Pouty, at best you're hysterical. On top of that you're rude, goady and bitchy. You should probably just step away from mumsnet if all you can do is give shit "advice" which clearly you're not actually interested in doing. You're just one of "those" posters who love to jump at the chance to try to make others feel shit about themselves. Find something productive to fill your time instead of this, maybe? You really don't come across good in any way.

converseandjeans · 03/02/2019 18:34

poutysprout I didn't teach my babies to self settle - because we did same thing from day we came home it was just their normal. They were never once left crying themselves to sleep.
Yes it was important to me that they settled themselves at bedtime - unfortunately I was back at work at 4 months with DD and then 6 months with DS. I have to do marking and planning in the evenings.

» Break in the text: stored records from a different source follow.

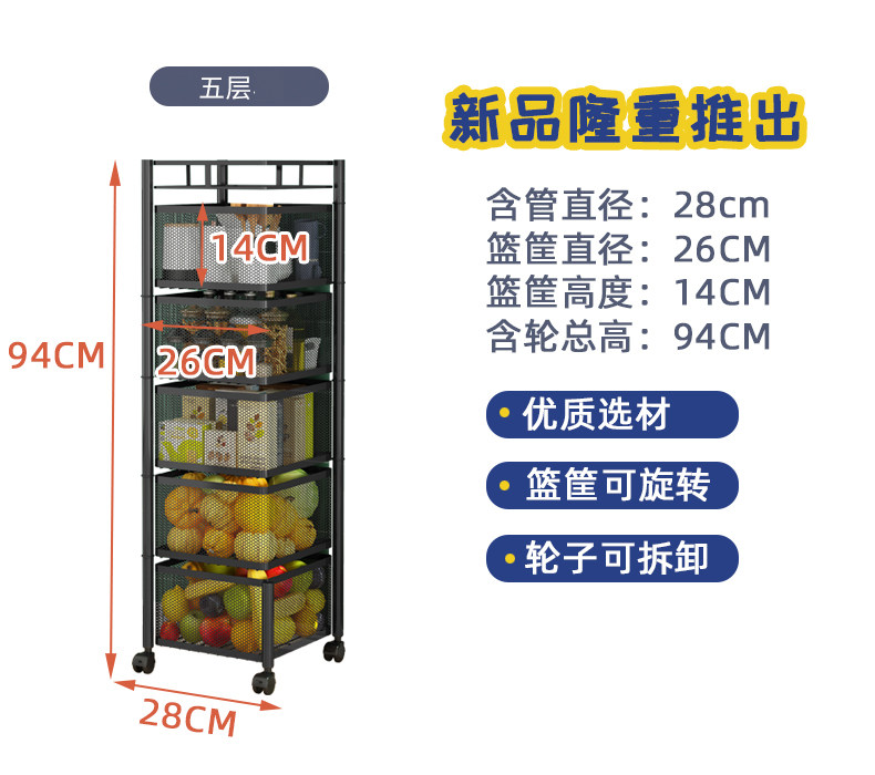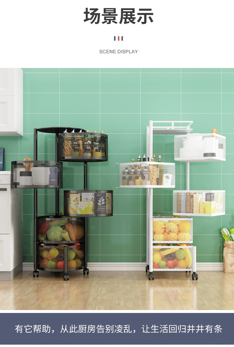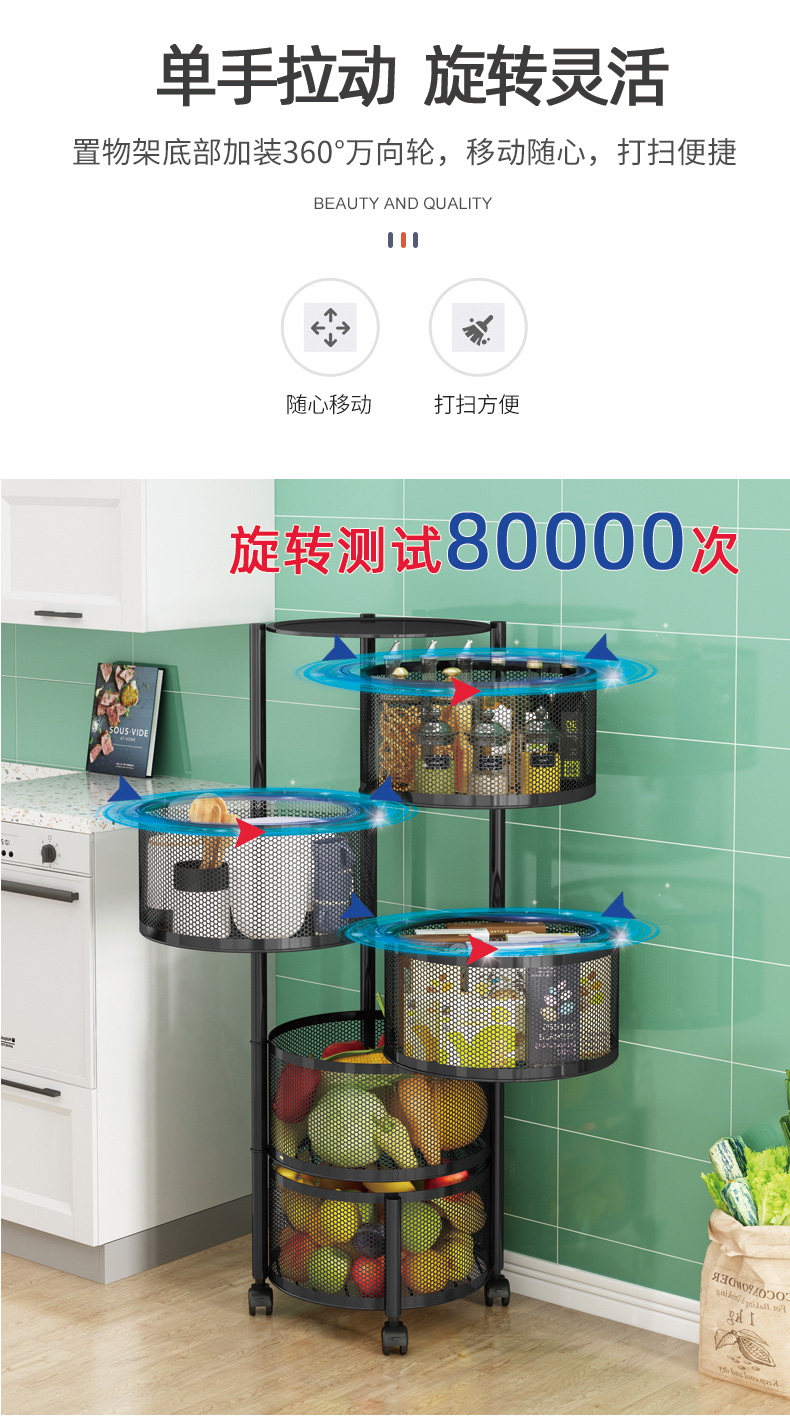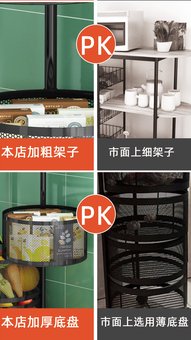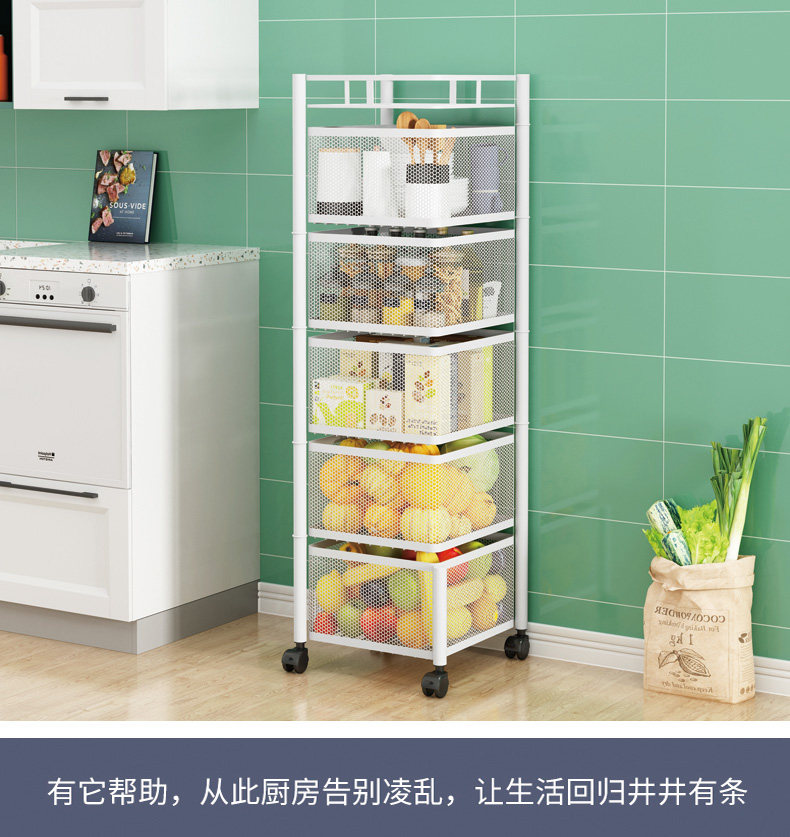 Küchendrehgestell, Haushalts-Multifunktionsspeicher, bodenstehend, mehrschichtig, montagefrei, Obst- und Gemüsekorb-Lagerregal
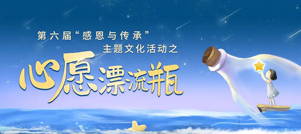 “心愿漂流瓶”是龍?jiān)裨壬苹鸢l(fā)起的公益項(xiàng)目,也是本屆“感恩與傳承”主題文化活動(dòng)的重要組成部分。7月14日,龍?jiān)裨壬苹鹫桨l(fā)布“心愿漂流瓶”的征集活動(dòng)。
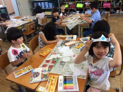 図工では「いろいろなかたちのかみから」の学習に入りました。
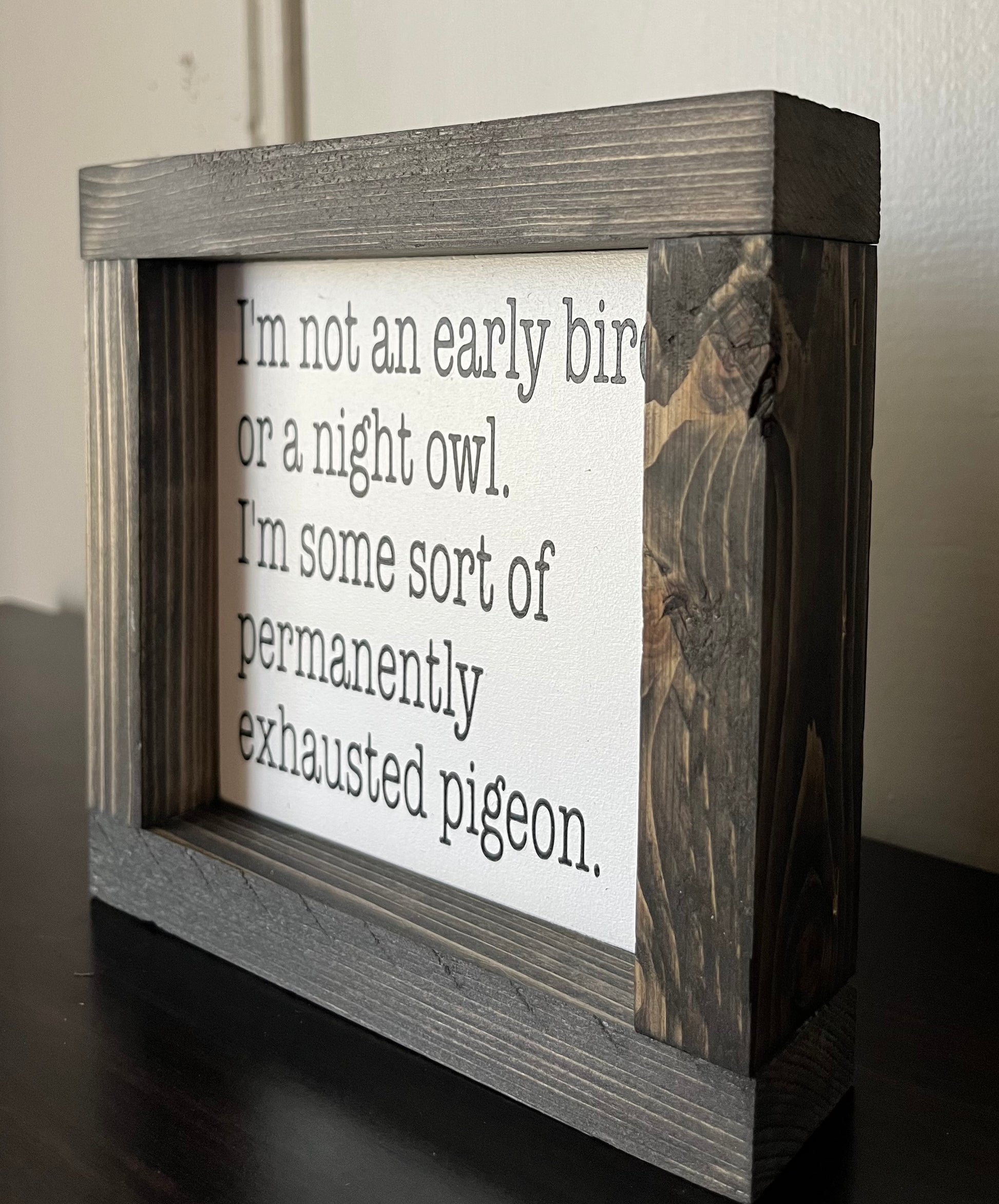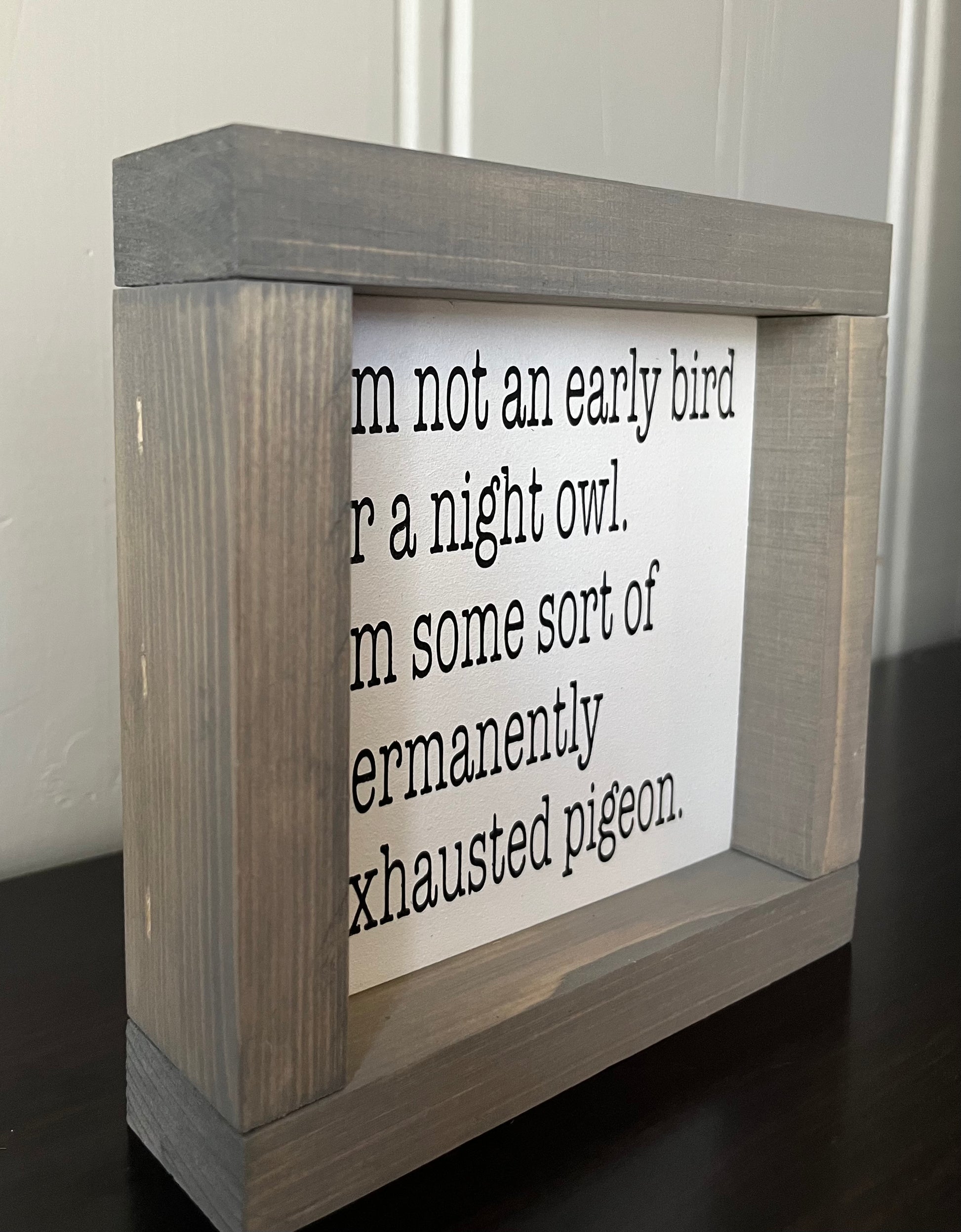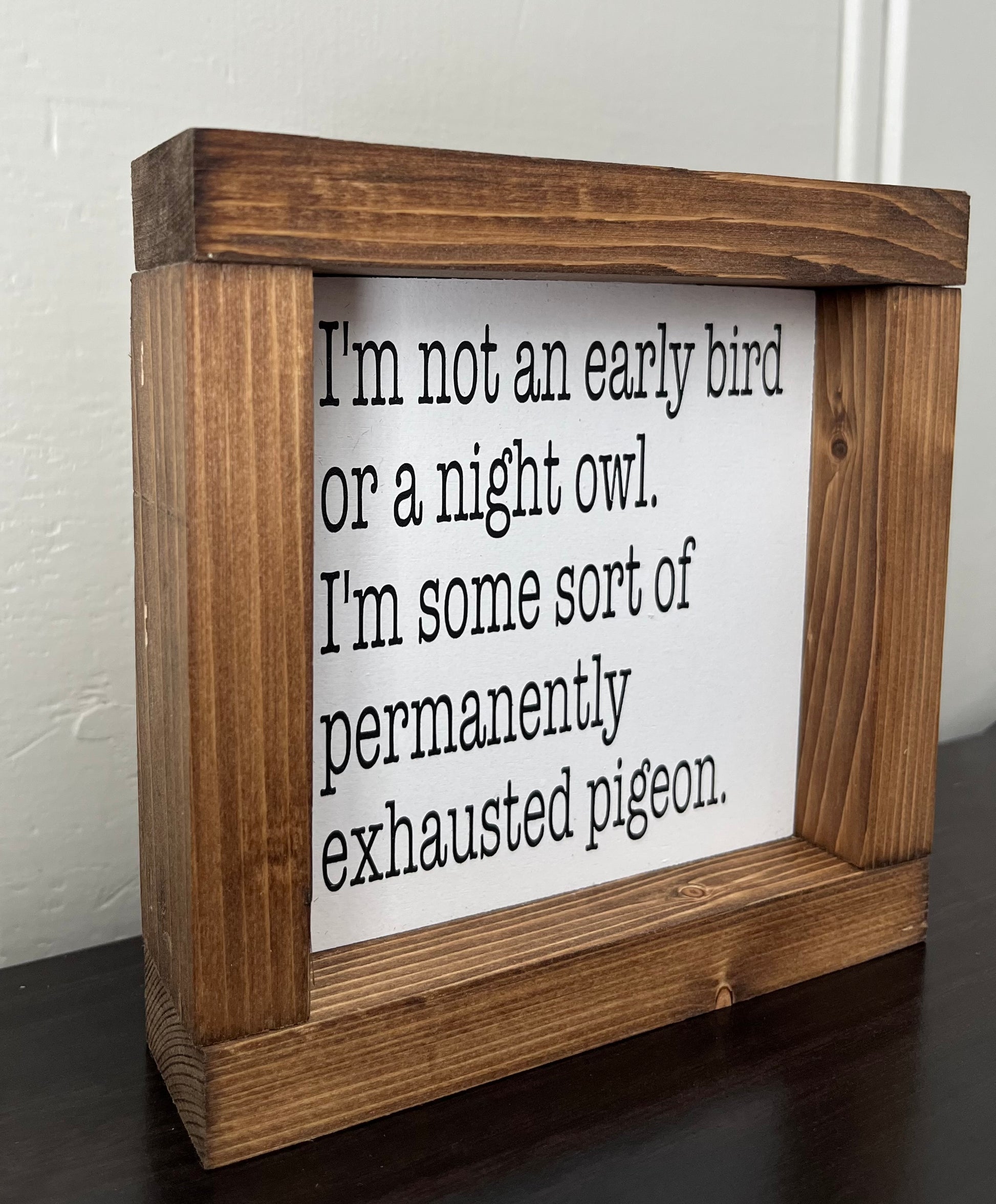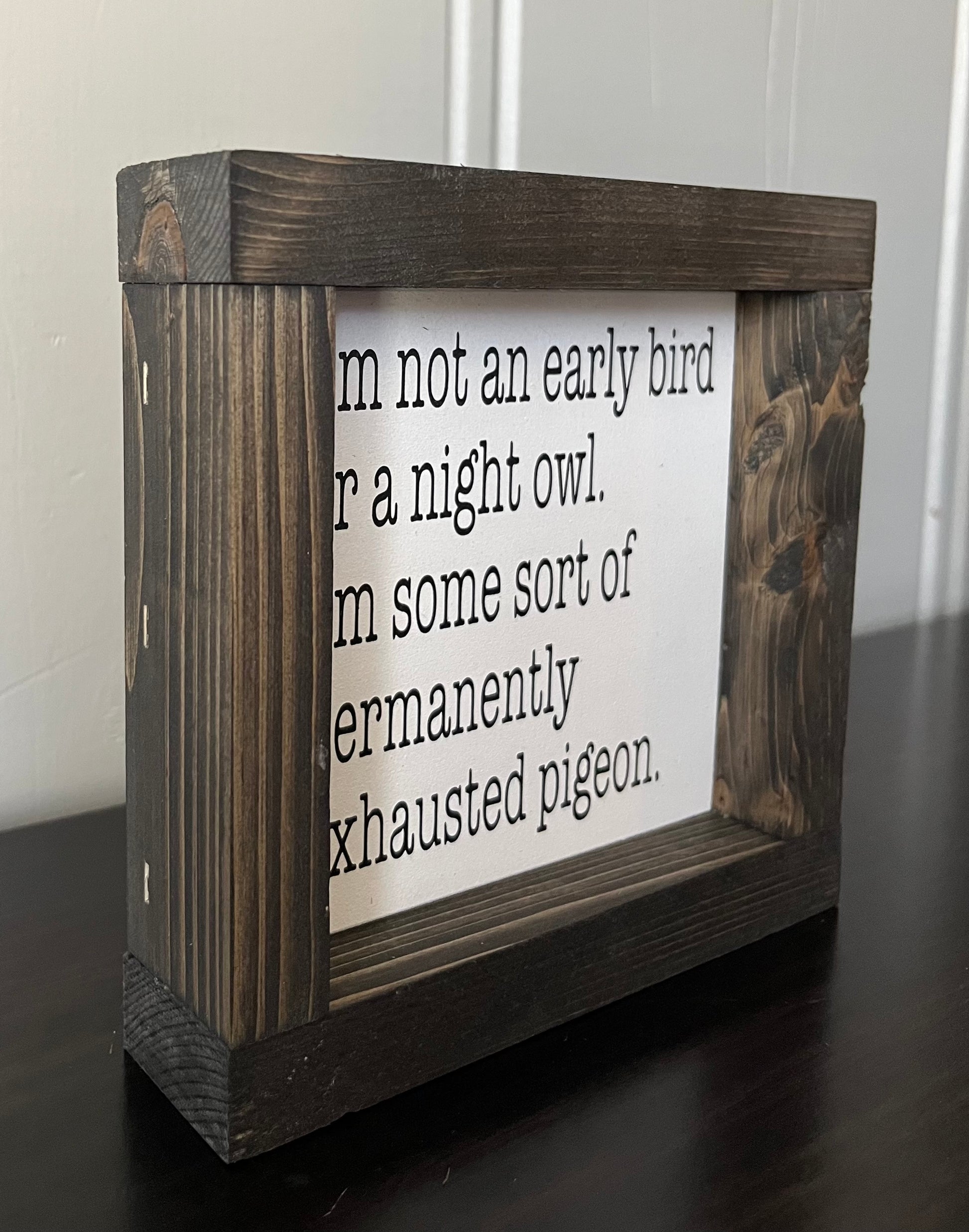 Introducing our exquisite handmade picture hanger, "Exhausted Pigeon" Crafted with care, this stained measures 6 x 6" Ideal for showcasing your precious moments, this piece is designed to be unforgettable.

So it could be seen as harsh - but I needed that routine.
It worked brilliantly and I think OP should be aware that it is OK for babies to be put down to sleep and self settle and that not all babies will cry about this.
My kids self settled but have definitely not been damaged.
We live in 2019 and unfortunately cost of living means some of us have to go back to work.
OP please do what feels right - some people on MN can be very dramatic.

SnuggyBuggy · 03/02/2019 18:36

This is what pisses me off for mums with babies not sure to what do for the best, it's all wishy washy concepts or people taking extreme views and arguing with no nuance for how different babies are different.

How does that help mums work out what to do for the best?

Mississippilessly · 03/02/2019 18:36

And still you lack the basic decency to even respond to me.

Mississippilessly · 03/02/2019 18:37

snuggybuggy you are so right. I feel so very lost.